Updated compilation of supermassive black hole spins from X-ray reflection shows no clear correlation with accretion rates.

A machine-rendered reading of the paper's core claim, the machinery that carries it, and where it could break.

Supermassive black holes grow via accretion and mergers, with their spin distributions recording the relative roles of coherent accretion, chaotic accretion, and mergers. This review assembles an updated set of spin values measured through X-ray reflection in active galactic nuclei and pairs each with redshift, Eddington ratio, and X-ray luminosity. Across the sample the authors see no obvious link between spin and the Eddington-scaled accretion rate. They note that the heterogeneous nature of the measurements—different selection effects, analysis techniques, and data quality—limits direct tests of semi-analytic models and cosmological simulations. The paper closes by pointing to the NewAthena observatory and hierarchical Bayesian population methods as routes to tighter constraints on growth histories.

Core claim

The paper compiles reflection-based spin measurements for active supermassive black holes together with ancillary quantities including redshift, Eddington ratio, and X-ray luminosity. It reports no apparent correlation between black hole spin and the Eddington-scaled accretion rate, while stating that formal statistical tests lie beyond the scope of the review. The work examines the difficulties of using this mixed literature sample to confront predictions from semi-analytic models and cosmological simulations, and it outlines the improved prospects expected from the NewAthena X-ray observatory together with hierarchical Bayesian inference applied to future mass-spin populations.

What carries the argument

The heterogeneous literature sample of X-ray reflection spin measurements, assembled with associated Eddington ratios to search for demographic trends.

If this is right

  • The current heterogeneous sample cannot yet provide strong tests of specific SMBH growth channels predicted by simulations.
  • A more uniform observational sample is required before mass-spin trends can be used to discriminate between coherent and chaotic accretion scenarios.
  • NewAthena will deliver higher-quality reflection spectra for a larger number of active black holes.
  • Hierarchical Bayesian population inference offers a statistical framework to extract trends once sample size and uniformity improve.

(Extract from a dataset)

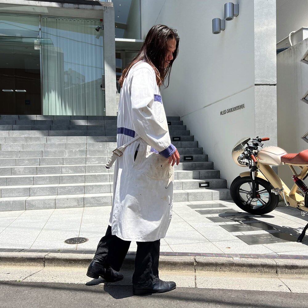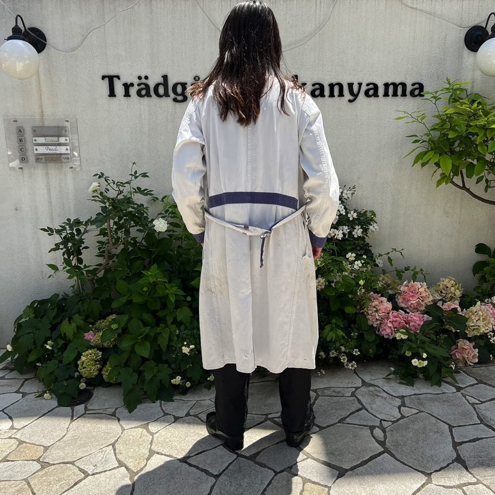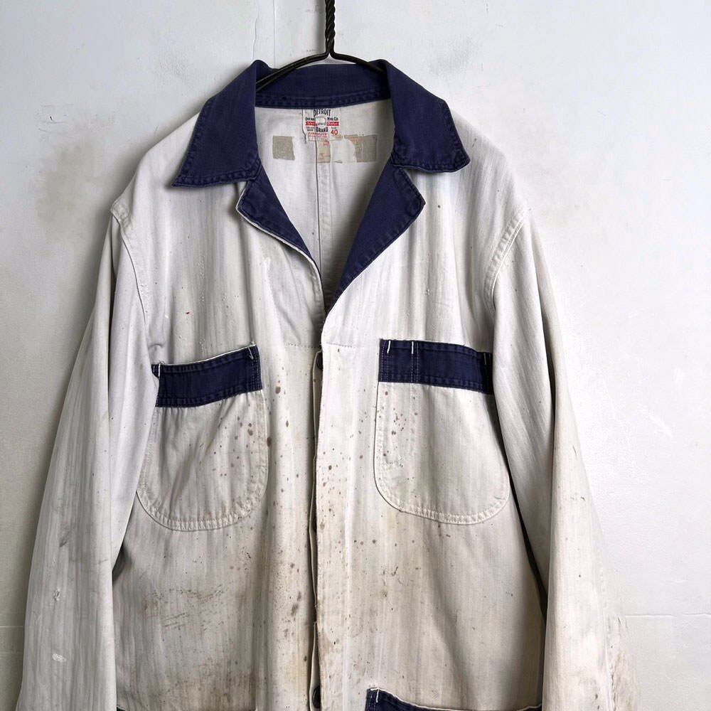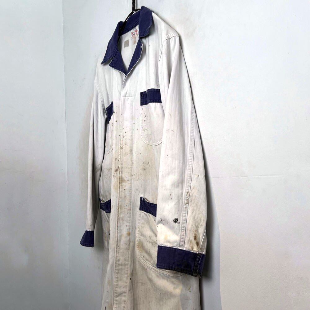 This is a shop coat from the 50s. It has a great atmosphere with the dirt and texture of the fabric that is unique to real workwear. The size is L size 40, and it has a good fit with a moderate amount of room. It has a good silhouette among vintage work coats.

Where Pith is reading between the lines

These are editorial extensions of the paper, not claims the author makes directly.

  • Future uniform samples could distinguish whether spin distributions favor prolonged aligned accretion or random chaotic episodes.
  • Spin demographics may eventually be combined with galaxy merger rates to test joint models of black-hole and host-galaxy co-evolution.
  • Selection biases in the present X-ray sample may be masking weak underlying correlations that only larger, volume-limited surveys will reveal.

Load-bearing premise

A mixed collection of spin measurements drawn from many different studies can still reveal population-level trends in supermassive black hole growth despite varying selection and analysis choices.

What would settle it

A uniformly selected sample of several dozen spin measurements that displays a statistically significant correlation (or anti-correlation) with Eddington ratio would contradict the reported absence of an obvious trend.

Figures

Figures reproduced from arXiv: 2605.13949 by Angelo Ricarte, Christopher S. Reynolds, Dominic J. Walton, James F. Steiner, James H. Matthews, Javier A. Garcia, Joanna M. Piotrowska, Julia M. Sisk-Reynes.

Figure 1
Figure 1. Figure 1: Observed SMBH mass–spin plane with reflection-inferred spins compiled from published literature (data listed in [PITH_FULL_IMAGE:figures/full_fig_p004_1.png] view at source ↗
Figure 2
Figure 2. Figure 2: Black hole spin vs. intrinsic (rest-frame) X-ray flux for the full sample of accreting low-mass AGN and SMBHs with reflection-inferred spins. The intrinsic fluxes were estimated using the X-ray luminosity values listed in [PITH_FULL_IMAGE:figures/full_fig_p007_2.png] view at source ↗
Figure 3
Figure 3. Figure 3: shows no obvious correlation between spin and Eddington ratio for the full sample. This result does not provide clear observational support for models claiming an Eddington-ratio dependent equilibrium spin (e.g., [15]). However, SMBHs need not be at the equilibrium spin for a given Eddington ratio if the Eddington ratio fluctuates on short timescales. Ref. [18] found a low universal equilibrium spin of a ∗… view at source ↗
Figure 4
Figure 4. Figure 4: Black hole spin versus intrinsic (absorption-corrected) X-ray luminosity (2–10 keV) for the full sample of accreting low-mass AGN and SMBHs with reflection-inferred spins. Where available, 1σ statistical uncertainties on the X-ray luminosity from the literature are considered; otherwise, statistical uncertainties of ±20% are considered. 3. Future Prospects: A Decisive Test of Observed Mass–Spin Trends with… view at source ↗
read the original abstract

Understanding the growth of supermassive black holes (SMBHs) requires observational constraints on how their angular momentum (or spin) varies with mass, since the relative importance of coherent accretion, chaotic accretion, and mergers will be reflected in SMBH spin populations. Here we present an updated compilation of reflection-based SMBH spin measurements from the literature and assemble a set of ancillary quantities of interest for each SMBH (including redshift, Eddington ratio, and X-ray luminosity). No obvious apparent correlation between the Eddington-scaled accretion rate and the black hole spin is seen, noting that formal statistical tests are beyond the scope of this review. We discuss the limitations of using this heterogeneous mass--spin sample to test predictions of SMBH growth from semi-analytic models and cosmological simulations, emphasizing the need for a more uniform sample. We then highlight the encouraging prospects enabled by the next-generation NewAthena X-ray flagship observatory. Finally, we summarize how hierarchical Bayesian population inference applied to observed SMBH mass--spin populations will constitute a powerful framework for confirming tentative mass--spin trends in future samples.

Editorial analysis

A structured set of objections, weighed in public.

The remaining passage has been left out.